When you talk to secondary school teachers about education, one thing that comes up time and again is the desire for more subject-specific professional development.
However, “subject-specific CPD” is a broad term that covers a wide range of possible outcomes. So, how can leaders ensure that their subject-specific offering is up to scratch?
It helps to think of subject-specific CPD in three broad categories.
Pedagogical knowledge
While we might want to see each subject as unique and special, the key principles of teaching and learning generally apply to all subjects. It is almost always useful to recall information that you were taught in the past; it helps to have things modelled to you before you try them for yourself; and pupils benefit from getting feedback before errors are ingrained.
It’s important for all teachers to understand these general principles, but it is also useful to see those principles explored in subject-specific contexts. What forms of knowledge in English do pupils need to recall and how? What should a teacher focus on modelling in PE? And what would they focus on in science?
Putting this kind of CPD into schools is relatively straightforward. It could be as simple as ensuring that every CPD session on general principles of teaching ends with time in departments to explore its implications for their subject and to plan how to use it in future lessons.

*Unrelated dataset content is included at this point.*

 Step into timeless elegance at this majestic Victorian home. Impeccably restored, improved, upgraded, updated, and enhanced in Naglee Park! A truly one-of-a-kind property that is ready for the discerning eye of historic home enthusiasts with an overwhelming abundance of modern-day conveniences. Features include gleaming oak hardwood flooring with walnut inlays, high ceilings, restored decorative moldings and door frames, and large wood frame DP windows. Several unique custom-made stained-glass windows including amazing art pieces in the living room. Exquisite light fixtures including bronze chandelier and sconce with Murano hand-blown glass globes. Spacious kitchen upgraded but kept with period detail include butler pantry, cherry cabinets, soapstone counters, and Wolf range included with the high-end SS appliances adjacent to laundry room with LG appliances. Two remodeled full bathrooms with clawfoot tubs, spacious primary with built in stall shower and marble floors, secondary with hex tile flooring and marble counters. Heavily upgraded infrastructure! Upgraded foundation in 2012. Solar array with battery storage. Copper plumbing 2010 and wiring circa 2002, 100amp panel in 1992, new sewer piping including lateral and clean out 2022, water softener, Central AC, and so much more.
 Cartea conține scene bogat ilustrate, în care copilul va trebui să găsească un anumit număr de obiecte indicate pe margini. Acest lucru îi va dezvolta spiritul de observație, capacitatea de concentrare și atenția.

Or, if capacity is lacking, to align the work of someone providing external support to that department with the school’s CPD curriculum.
Subject knowledge
CPD that focuses on subject knowledge is trickier to implement and is something schools sometimes overlook. Subjects are broad domains of knowledge and there is always more to learn. National curricula change, as do exam specifications, and people are regularly asked to teach texts or topics they have not taught before.

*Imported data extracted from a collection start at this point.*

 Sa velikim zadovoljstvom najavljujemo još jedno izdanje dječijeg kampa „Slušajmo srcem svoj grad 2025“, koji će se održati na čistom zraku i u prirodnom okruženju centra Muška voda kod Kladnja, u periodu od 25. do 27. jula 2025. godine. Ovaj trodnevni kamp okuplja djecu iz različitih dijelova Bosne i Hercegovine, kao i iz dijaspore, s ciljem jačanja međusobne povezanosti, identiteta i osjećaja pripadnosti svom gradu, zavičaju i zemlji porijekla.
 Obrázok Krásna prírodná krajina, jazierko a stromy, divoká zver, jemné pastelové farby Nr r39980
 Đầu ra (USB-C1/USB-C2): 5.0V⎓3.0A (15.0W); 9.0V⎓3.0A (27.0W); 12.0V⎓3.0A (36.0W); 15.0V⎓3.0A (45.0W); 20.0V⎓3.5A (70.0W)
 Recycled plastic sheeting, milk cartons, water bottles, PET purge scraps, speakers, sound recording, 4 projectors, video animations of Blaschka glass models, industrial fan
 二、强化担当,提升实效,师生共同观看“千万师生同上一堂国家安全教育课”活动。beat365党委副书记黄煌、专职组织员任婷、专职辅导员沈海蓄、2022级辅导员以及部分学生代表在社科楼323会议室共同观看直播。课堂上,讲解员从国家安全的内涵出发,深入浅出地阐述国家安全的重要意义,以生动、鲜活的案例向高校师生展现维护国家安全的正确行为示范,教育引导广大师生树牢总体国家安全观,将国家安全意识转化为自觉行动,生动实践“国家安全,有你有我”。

Subjects also evolve over time; what was once thought to be correct may come to be challenged or overturned.
This is an area of teacher development that, in theory, teachers should be able to take charge of themselves. However, teaching in most schools is an exhausting job that leaves little time or mental energy to keep up to date with changes in our subjects.
Most teachers are not members of their subject associations, and my experience of talking to teachers suggests that those who are often have little time to make use of their memberships.

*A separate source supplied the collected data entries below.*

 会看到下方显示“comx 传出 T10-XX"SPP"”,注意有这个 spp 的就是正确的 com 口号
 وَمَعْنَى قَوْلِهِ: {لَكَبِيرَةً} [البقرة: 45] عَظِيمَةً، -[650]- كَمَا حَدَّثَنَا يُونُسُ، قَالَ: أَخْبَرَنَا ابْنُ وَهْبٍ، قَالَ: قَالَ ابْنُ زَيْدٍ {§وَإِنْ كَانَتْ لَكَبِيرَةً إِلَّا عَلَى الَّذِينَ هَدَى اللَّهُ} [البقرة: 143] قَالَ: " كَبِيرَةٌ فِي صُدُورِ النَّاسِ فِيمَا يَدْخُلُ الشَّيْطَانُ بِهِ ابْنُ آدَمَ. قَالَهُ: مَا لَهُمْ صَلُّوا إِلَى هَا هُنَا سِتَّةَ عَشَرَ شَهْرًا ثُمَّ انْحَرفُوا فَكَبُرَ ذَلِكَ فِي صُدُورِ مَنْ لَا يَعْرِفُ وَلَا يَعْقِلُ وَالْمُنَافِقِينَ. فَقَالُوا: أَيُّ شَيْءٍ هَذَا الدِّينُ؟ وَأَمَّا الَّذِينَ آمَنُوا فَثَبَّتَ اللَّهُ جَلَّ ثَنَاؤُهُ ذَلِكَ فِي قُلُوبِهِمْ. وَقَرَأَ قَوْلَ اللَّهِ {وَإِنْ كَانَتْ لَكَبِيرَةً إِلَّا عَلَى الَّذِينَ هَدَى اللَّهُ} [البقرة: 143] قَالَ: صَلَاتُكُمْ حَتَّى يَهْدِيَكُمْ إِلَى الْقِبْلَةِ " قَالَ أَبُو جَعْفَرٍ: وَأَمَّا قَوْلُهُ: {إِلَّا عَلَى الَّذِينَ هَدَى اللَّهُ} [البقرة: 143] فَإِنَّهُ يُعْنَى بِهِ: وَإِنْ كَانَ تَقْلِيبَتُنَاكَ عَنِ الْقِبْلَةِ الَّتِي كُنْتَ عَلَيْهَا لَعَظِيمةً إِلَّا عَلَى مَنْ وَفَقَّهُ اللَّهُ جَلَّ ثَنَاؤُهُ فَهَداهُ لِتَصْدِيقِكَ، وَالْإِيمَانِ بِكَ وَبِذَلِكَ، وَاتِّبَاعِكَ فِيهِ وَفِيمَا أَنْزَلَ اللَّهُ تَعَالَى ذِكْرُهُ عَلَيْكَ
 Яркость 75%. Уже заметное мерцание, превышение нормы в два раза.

Schools need to create the conditions where teachers have the time to read, practice and reflect on their subject. This could involve carving out time from the directed time budget to engage with developing subject knowledge, rather than expecting staff to cover this in their protected time.
Pedagogical content knowledge
The final category of subject-specific CPD combines both pedagogical and subject knowledge CPD to ask the question: “How do I teach this particular aspect of the subject?”
For example, we might have the pedagogical knowledge that analogies help to make abstract ideas more concrete, and we might have the subject knowledge that tectonic plates don’t move by floating around on convection currents, but how do we use analogies to teach students about how they do move?
This is where pedagogical content knowledge comes in. But, in my experience, this is the area of CPD most often ignored in schools.
It is hard for schools to provide this kind of CPD because it is so granular. Every lesson involves a teacher thinking “how do I teach this?” at a micro level: What questions do I choose for a retrieval task? What do I emphasise during an explanation? How do I help my pupils to link this back to the big concept we are exploring?
One way that schools can help is to work with the talent they have in their school, local area or trust. It begins with everyone knowing who is teaching what really well, and then having the time for that person to share their thinking and their practices.
Putting it together
It is very easy to say that there needs to be more subject-specific CPD in schools. What is far harder is identifying exactly what the development need is, and then finding a way of meeting it.
In most cases, the answer lies in utilising the existing strengths within our schools and supporting it with the time to share and build strong practices together.